I'm glad I never had to suffer through losing a child, he consoled himself.
The Mass ended. After telling the congregation, "Go in peace to love and serve the Lord," he received help down the steps. On the way down the aisle, he passed a lady he didn't recognize, but she looked familiar somehow. She followed him to the back of the church.
As soon as they reached the holy water fount, she touched his arm and motioned him over by the sacristy door.
"Father O'Hara," she said with a twinkle in her blue eyes, "I guess you don't remember me. It's been many years, but I'm Susan Stein Lewis." She lowered her voice to a whisper. "But I bet you remember the night you kissed me goodbye and said you were going to the seminary."
Father O'Hara cut his eyes in all directions. He hoped the parishioners passing by didn't hear her remark. "Oh, Susan. What a nice surprise. How has life treated you?" he asked, recalling what a tease she'd always been.
"Actually, I've had a very good life. My husband, John, is very successful. He's an engineer, retired now, so we moved back to my hometown. We have two children, the oldest, John, Jr., is also an engineer. The younger one, Timothy, she chuckled and blinked, "well, he's almost middle-aged but still finding himself." She pulled out a picture of a handsome man with carrot red hair and a winning smile and held it up. Her voice lowered. "John doesn't know it, but I named him for you."
She edged closer. "Look, Tim, er, Father, he's in jail on drug charges and burglary. I came to ask you to say some prayers for him." Her mouth twisted in a smug look that he remembered fondly. Then she added, "If things had been different, he might have been your son," and Father Tim caught his breath.
He put his arm around her shoulder. Oh, dear God, my memories are flooding back. No, I never forgot that last kiss. I think I loved her. My decision, was it right? Timmy? He's got red hair like mine was before it turned white. Would he have been different if I'd been his father?" He blinked. How am I going to handle this?
He stiffened his body, stepped back, and held Susan at arm's length. "Since Timmy is your son, Susan," he said in a firm tone of voice, "I'm sure he's enough like you to overcome adversity. Give him a little time and keep praying for him and he'll be all right."
Father O'Hara steadied himself by leaning his back against the wall. "Suz," he used his pet name for her, "I'm convinced that you know the right things to tell Timmy to turn him around, back to God. And I'll keep him in my prayers."
The tears in his former girlfriend's eyes melted his heart. He hoped he was telling her the truth. But it was time for dismissal. He looked at his watch. "I'm sorry, but I have to go. A baptism. Thank you for coming by." He squeezed her elbow. "Keep the faith." He didn't extend an invitation to come again.
It wasn't till Suz left that he realized how ludicrous his statement--"Keep the faith"--was.
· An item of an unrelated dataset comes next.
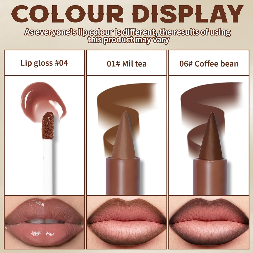 2 Colors Lip Liner with Lip Gloss Set, Moisturizing Light Brown Lip Pencil Dark Brown Lip Liner and Lip Butter Gloss Combo, Long Lasting Glossy Lip Stain Lipstick Lip Care Makeup 2 Colors Lip Liner and Lip Gloss Combo: This contains 2 brown lip liners and 1 butter gloss lip glaze. The lip liner colors are the very popular light brown and dark brown respectively, with a creamy texture and very smooth application, so you can easily get the colour of the lip liner; with the moisturizing Butter Lip Glaze, you can create a unique gradient lip look Moisturizing and Smooth: This 2 in 1 lip liner lipstick texture is very fine, smooth when applied, depicting a good lip line and then use the lip glaze, moisturized, full and glossy lips, a good product to take care of your lips Easy to Apply: Lip liner can also be used as a lipstick, apply directly to the lips, easy to get full lips; in conjunction with the use of lip glaze, the first lip liner pen to describe the shape of the lips you want, and then use a lip brush or cotton swabs will be drawn from the outside to the inside of the natural halo lip line, and finally apply the lip glaze, so you can have a full, moisturized and soft lips Mild Formula: The gentle formula won't hurt your lips and can also give them a beautiful shine, great for everyday as well as concerts, stages, parties and so on Plumping Lip Makeup: The unique combination of this set will give you plumping and beautiful lips, carry it with you at all times and be beautiful with you Product Description: Size: 9.2*6.85*3.1cm/3.62*2.7*1.22in Weight: 14g/0.49oz Color: dark brown Skin Type: All Skin Features: 1.Light and dark brown lip liners paired with lip butter gloss. 2.Moisturizing and plumping lip makeup. 3.Sooth and multi-functional. 4.Mild formula and no harm to your skin, is suitable for all skin. 5.Easy to apply and remove. Warm Tips: 1.This product is for external use only. 2.If you feel uncomfortable while using this product, please stop using it immediately. 3.Please keep the product out of touch of children. 4.All photos are taken in real products. Due to photography, display or other reasons, there may be slight differences between the picture and the real object. Please refer to the real object. 5.As most makeup, we highly recommend you to make a skin test before the first use. How to make skin test: Apply a small amount on the wrist or behind the ears, wait for 2-5 minutes to check if there is allergic reaction. If feeling unwell, please stop using immediately and seek medical attention if necessary. Dimensions 3.74 inches x 3.94 inches x 0.91 inches. Weight: 2.08 oz Specifications Color Light and Dark Brown Finish Type Glossy Skin Type All Item Form Cream Package Dimensions 3.94 x 3.74 x 0.91 inches; 2.08 ounces Shipping: Shipped from the USA. Fast delivery within 2–3 days. Payment: PayPal, credit card, bank transfer. Returns: 30-day free return – we cover the shipping cost. Quality: Made in Europe/USA/China. No customs fees. VAT invoice on request. Feedback: You’ll automatically receive positive feedback after payment.

Suz was not Catholic; she was Jewish and deeply entrenched in her religion. It reminded him that their marriage could have turned out to be a very shaky one. A definite obstacle to happiness.
Walking back to the rectory, Father O'Hara raised his eyes to the sky. So, the baptism's not till this afternoon, but I had to have an excuse to leave, Lord, before I got in some real trouble. Ah, age doesn't end feelings. Suz was quite a looker and she's still a charmer--and a tease.
He turned and looked back at the church he'd just left. This isn't the first time I've had doubts about being a priest, either. But I think it's the last. I may be an old man, but I learned something from that encounter: The church is my home; I made the right decision.